Coût de la violence dans le monde en 2013 : 9,8 mille milliards de dollars

L’activité terroriste et les conflits internes sont incriminés dans une tendance à l’augmentation de la violence pour la 7ème année consécutive. Une évolution à la baisse progressive, qui indique les auteurs du rapport, « renverse 60 années d’une tendance à la hausse de la paix mondiale qui remontait à la fin de la Seconde Guerre mondiale ».

« Alors qu’on a vu des développements positifs dans certaines parties du monde, la situation des onze pays les moins pacifiques s’est encore aggravée, ce qui réduit la moyenne mondiale » a indiqué Daniel Hyslop, le vice-président de la recherche globale pour l’Indice mondial de la paix.

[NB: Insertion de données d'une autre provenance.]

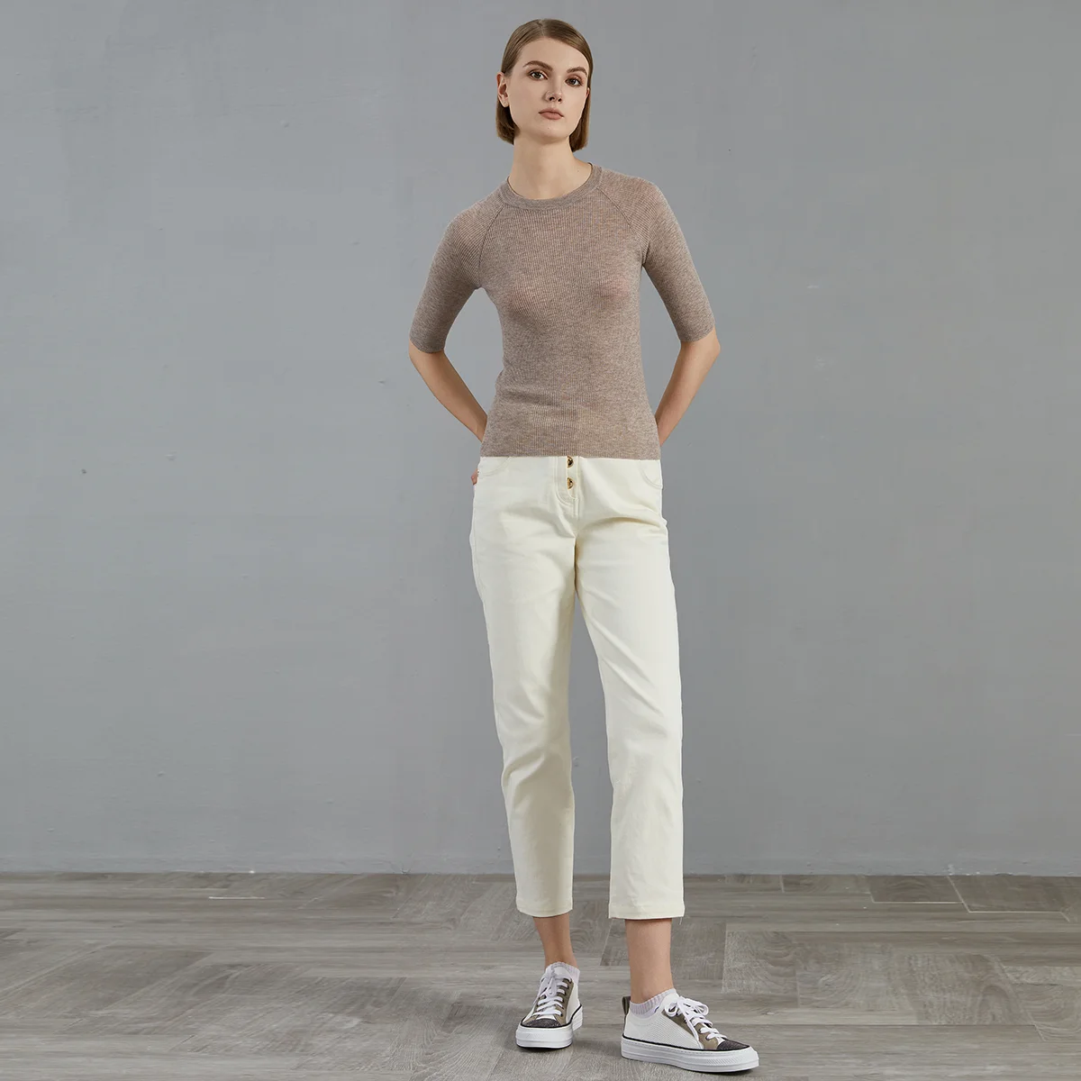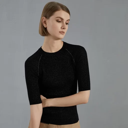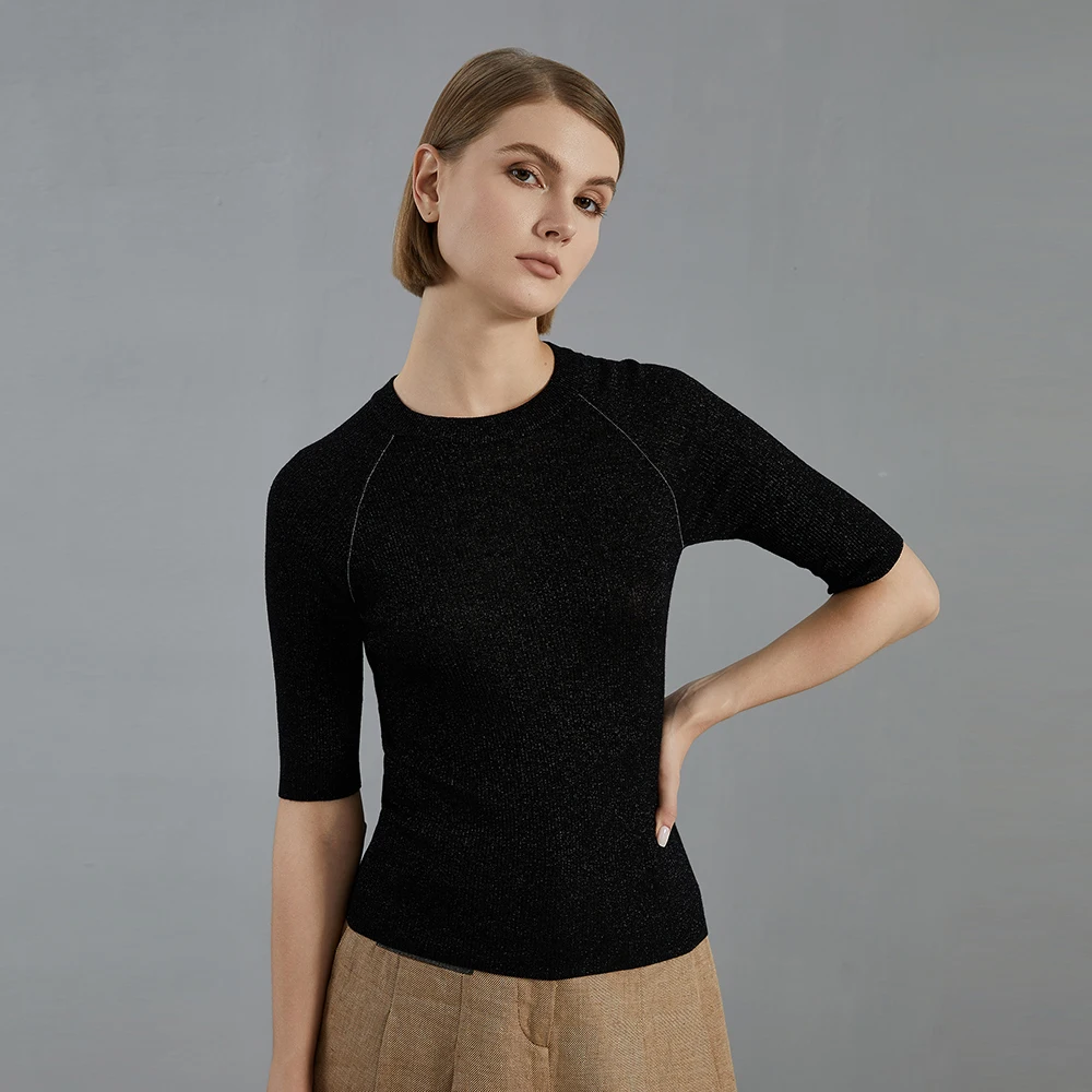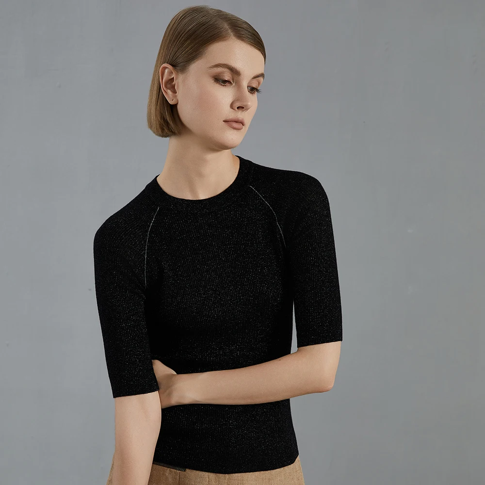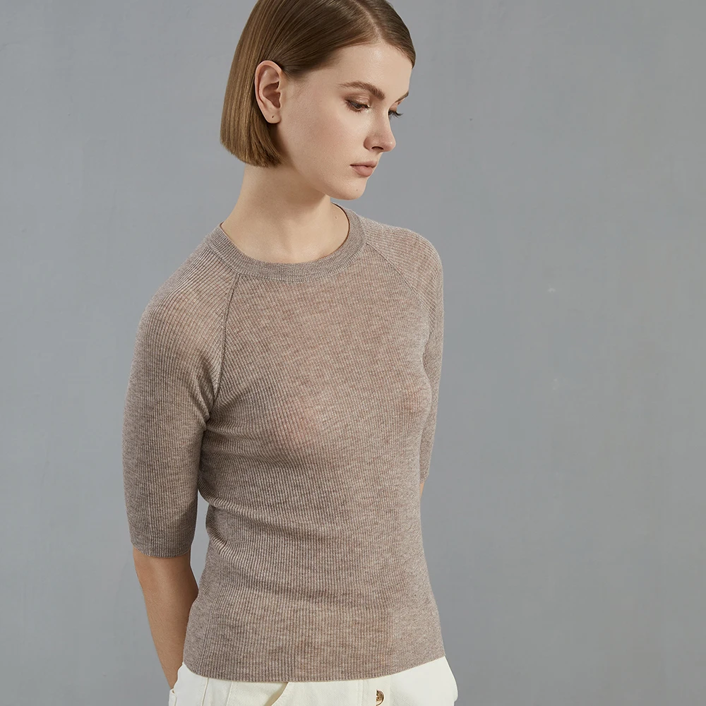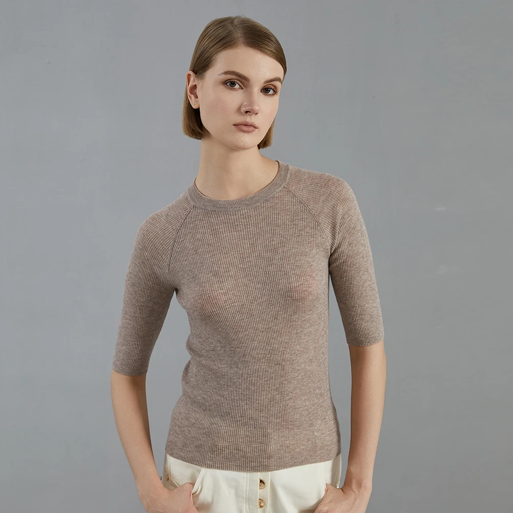BC677 68.9% wool high-end mid sleeve woolen knitted sweater for women Thin pullover Luxury womens Clothing

La région Moyen-Orient et Afrique du Nord (MENA) attire toujours l’attention, indique le rapport en relevant que « de nombreux conflits résultant du Printemps arabe continuent de s’intensifier ». Il note, « sans surprise » que l’l’Égypte et la Syrie sont les deux pays qui voient leurs résultats globaux se détériorer le plus, l’Égypte affichant la deuxième plus forte baisse à l’échelle mondiale. La Syrie, elle, détrône l’Afghanistan en tant que pays le plus dangereux du monde.

Cercle vicieux

L’Afrique subsaharienne affiche la deuxième plus forte détérioration des scores régionaux mais ses résultats sont supérieurs à celui des régions Russie/Eurasie, MoyenOrient/Afrique du Nord et Asie du Sud. « Quatre des dix pays présentant les plus fortes variations négatives de leur résultat proviennent de cette région, avec en tête le Soudan du Sud et la République centrafricaine ».

Steve Killelea, fondateur et président exécutif de l’Institut pour l’économie et la paix (IEP), se montre assez pessimiste. Il note que de nombreux macro-facteurs » expliquent la détérioration de la paix au cours des sept dernières années : la crise financière mondiale, les répercussions du Printemps arabe et la propagation continue du terrorisme.

« Ces effets étant susceptibles de perdurer dans un avenir proche, il est peu probable que le niveau de paix rebondisse de manière significative ». « Il en résulte des coûts très réels pour l’économie mondiale : l’augmentation de l’impact économique mondial de la violence et de son endiguement équivaut à 19 % de la croissance économique mondiale de 2012 à 2013. Pour mettre ce chiffre en perspective, cela représente environ 1 350 USD par personne ».

Steve Killelea met en garde contre un cercle un cercle vicieux : « la faiblesse de la croissance économique induirait des niveaux plus élevés de violence, dont l’endiguement réduirait la croissance économique. « . Les dépenses engagées pour combattre la violence ont pour conséquence de réduire les moyens affectés aux secteurs  » qui aident à réduire la violence sur le long terme, tels que l’éducation et la santé ».